**Description of the task:** The listing below should be printed again word for word, without any images.

**Data extract:**
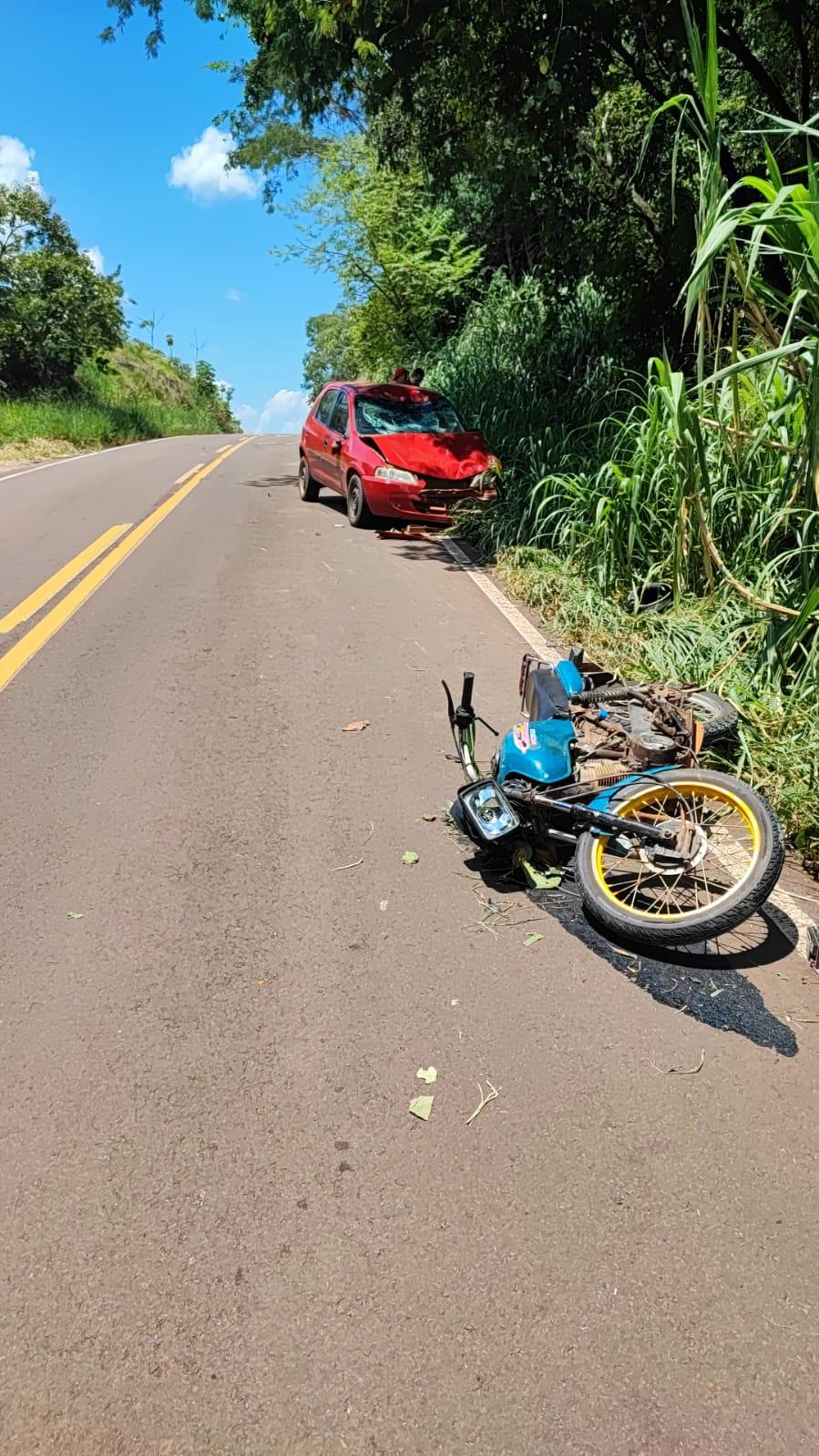 Um grave acidente foi registrado neste domingo (02) na PR-364, em Altamira do Paraná. A colisão envolveu uma motocicleta Honda CG 125 Titan e um automóvel GM Celta.
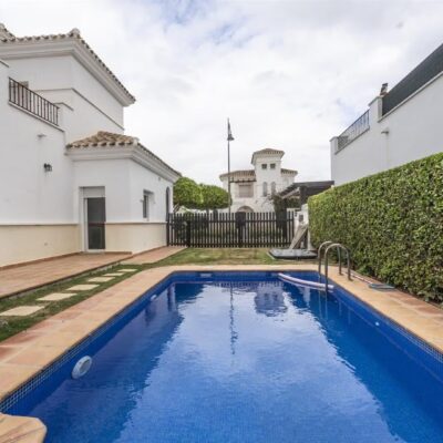 We are delighted to offer this sunny SOUTH facing three bedroom detached villa on La Torre Golf Resort. This resort is located just 15 minutes drive to the airport and 20 mins drive to the nearest beach and Murcia city. The local towns of Roldan and Balsicas are just a 5 minute drive away.
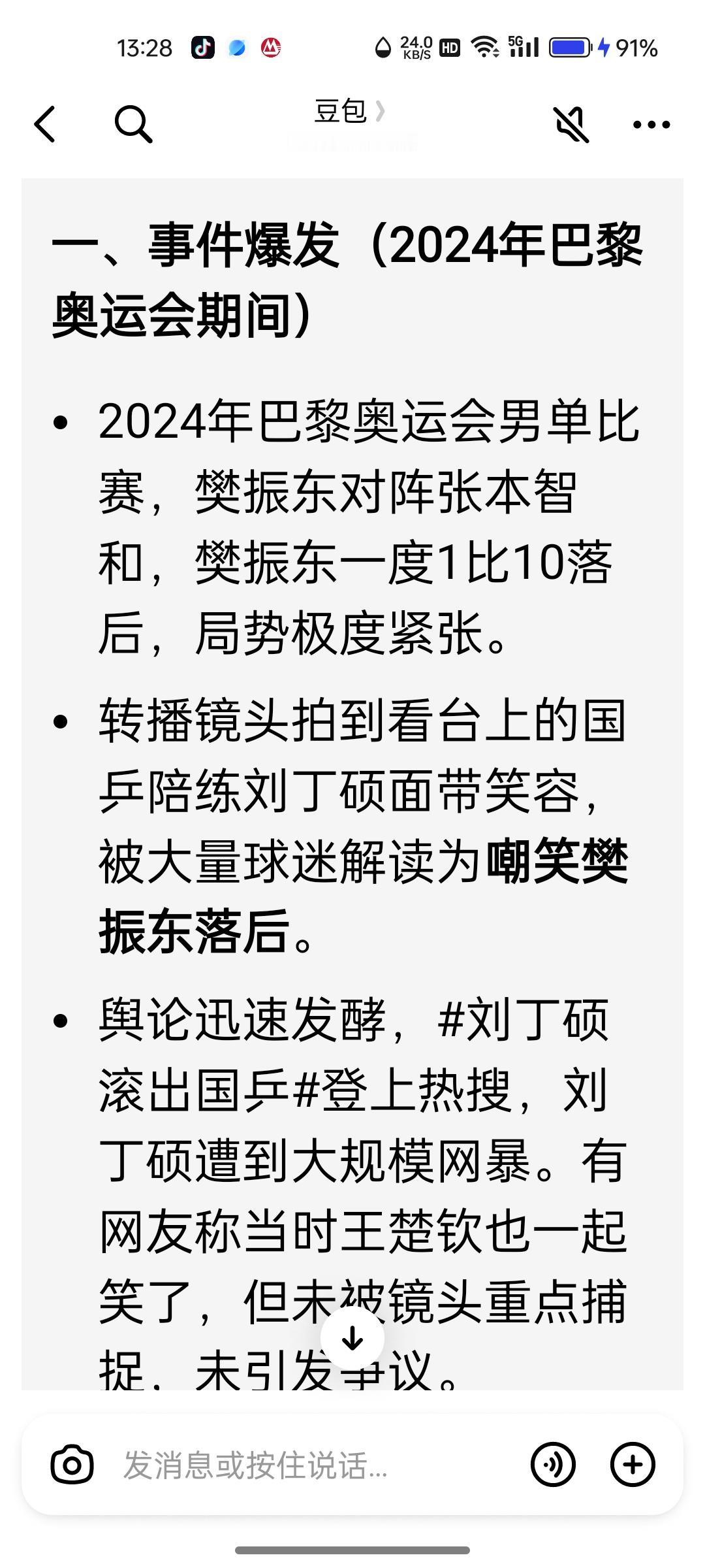 刘丁硕呀,刘丁硕!此地无银三百两,你应该是晓得的!希望你不要再翻巴黎赛场上偷笑这件事了,越翻反而越容易引发误解,在樊振东落后张本智和的时儿,你没笑樊振东,你纠究笑啥哩!不翻的话或许大家慢慢就就忘了!只要你没笑樊振东,问心无愧就行了!那个晚上樊振东的挥汗如雨地比拚,犹如在昨天,只要是纯正的中国人,都会为樊振东揪心的,为樊振东加油的!你刘丁硕也不会例外吧!

**Exercise result:**
 Um grave acidente foi registrado neste domingo (02) na PR-364, em Altamira do Paraná. A colisão envolveu uma motocicleta Honda CG 125 Titan e um automóvel GM Celta.
 We are delighted to offer this sunny SOUTH facing three bedroom detached villa on La Torre Golf Resort. This resort is located just 15 minutes drive to the airport and 20 mins drive to the nearest beach and Murcia city. The local towns of Roldan and Balsicas are just a 5 minute drive away.
 刘丁硕呀,刘丁硕!此地无银三百两,你应该是晓得的!希望你不要再翻巴黎赛场上偷笑这件事了,越翻反而越容易引发误解,在樊振东落后张本智和的时儿,你没笑樊振东,你纠究笑啥哩!不翻的话或许大家慢慢就就忘了!只要你没笑樊振东,问心无愧就行了!那个晚上樊振东的挥汗如雨地比拚,犹如在昨天,只要是纯正的中国人,都会为樊振东揪心的,为樊振东加油的!你刘丁硕也不会例外吧!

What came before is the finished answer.